Cancer cells are often hallmarked by stress but take advantage of intrinsic protein homeostasis mechanisms to increase their resistance to stress-induced cell death. Multiple myeloma (MM) cancer cells rely heavily on endoplasmic reticulum-associated degradation (ERAD) to decrease the toxic levels of misfolded proteins that cause stress. Current therapeutic agents create more stress to induce MM cell death, but the robust and dynamically responsive ERAD mechanism elevates resistance to them which unwittingly supports cancer progression. The research will build on John’s previous work in proteostasis and ubiquitin biology to establish ERAD mediated by the Hrd1 ubiquitin ligase complex as a new therapeutic target in cancer. 

“This Fellowship is going to allow me to explore a new strategy for cancer intervention,” said John. “By understanding the fundamental nature of complexes responsible for protein degradation and the dynamic adaptability of quality control mechanisms, we can leverage that insight to develop compounds that impair or augment ERAD as a way to stop cancer cells from being able to grow.”

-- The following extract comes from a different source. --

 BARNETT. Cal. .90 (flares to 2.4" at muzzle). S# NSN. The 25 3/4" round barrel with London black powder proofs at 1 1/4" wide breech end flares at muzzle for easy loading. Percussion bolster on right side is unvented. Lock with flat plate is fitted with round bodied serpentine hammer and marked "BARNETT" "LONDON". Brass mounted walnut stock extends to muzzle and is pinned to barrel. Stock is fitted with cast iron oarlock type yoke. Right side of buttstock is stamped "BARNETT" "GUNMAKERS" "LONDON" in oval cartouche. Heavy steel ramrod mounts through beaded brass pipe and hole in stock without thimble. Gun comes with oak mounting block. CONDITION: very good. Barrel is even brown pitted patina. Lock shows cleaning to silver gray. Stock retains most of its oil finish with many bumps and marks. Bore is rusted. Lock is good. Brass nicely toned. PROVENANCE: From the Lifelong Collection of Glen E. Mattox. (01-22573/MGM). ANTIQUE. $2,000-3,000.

John has become a world-leader in his field researching the molecular mechanisms underpinning protein quality control in the ER, and in particular how specific substrates are identified and degraded by ER-associated ubiquitin ligases. 

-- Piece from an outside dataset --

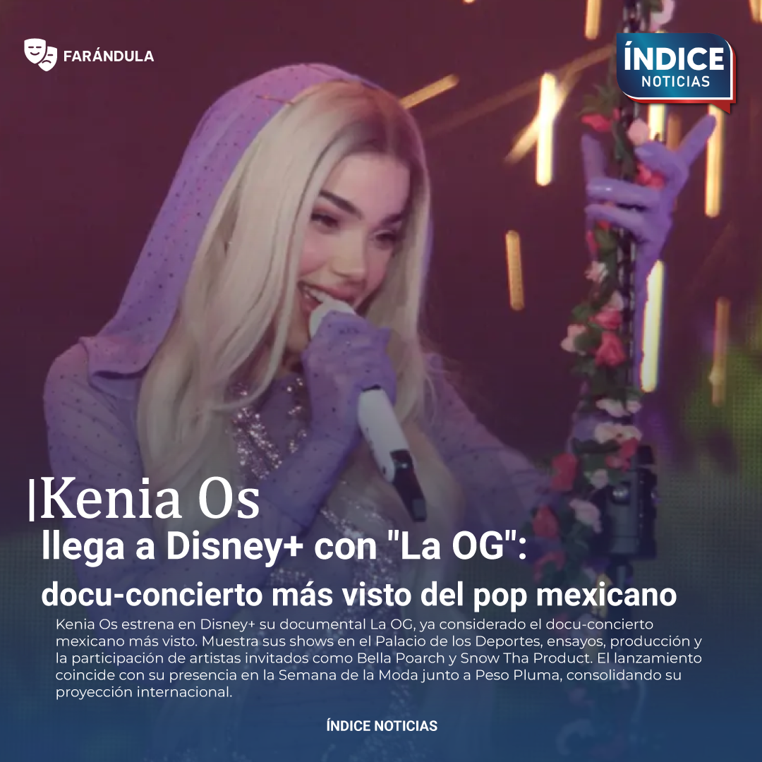 Tras arrasar en taquilla, Kenia Os llega a Disney+ con su documental Kenia Os: La OG, que ya se posiciona como el docu-concierto mexicano más visto de la historia. Dirigido por Ana Nube y Gastón Etchechoury, el filme retrata los dos conciertos que la cantante ofreció en el Palacio de los Deportes en noviembre pasado.

Head of Department Professor Andrew Carr commented: “This exciting programme has the potential to lay the groundwork for the identification of new targets that may prove valuable for therapeutic intervention in cancer and other diseases associated with dysfunctional proteostasis, such as diabetes and neurodegeneration.”

Cancer Research UK Senior Fellowships support group leaders to further develop their own research programme and build their reputation as a world-leader in their cancer research field.

The research will start in January 2020 and run for six years.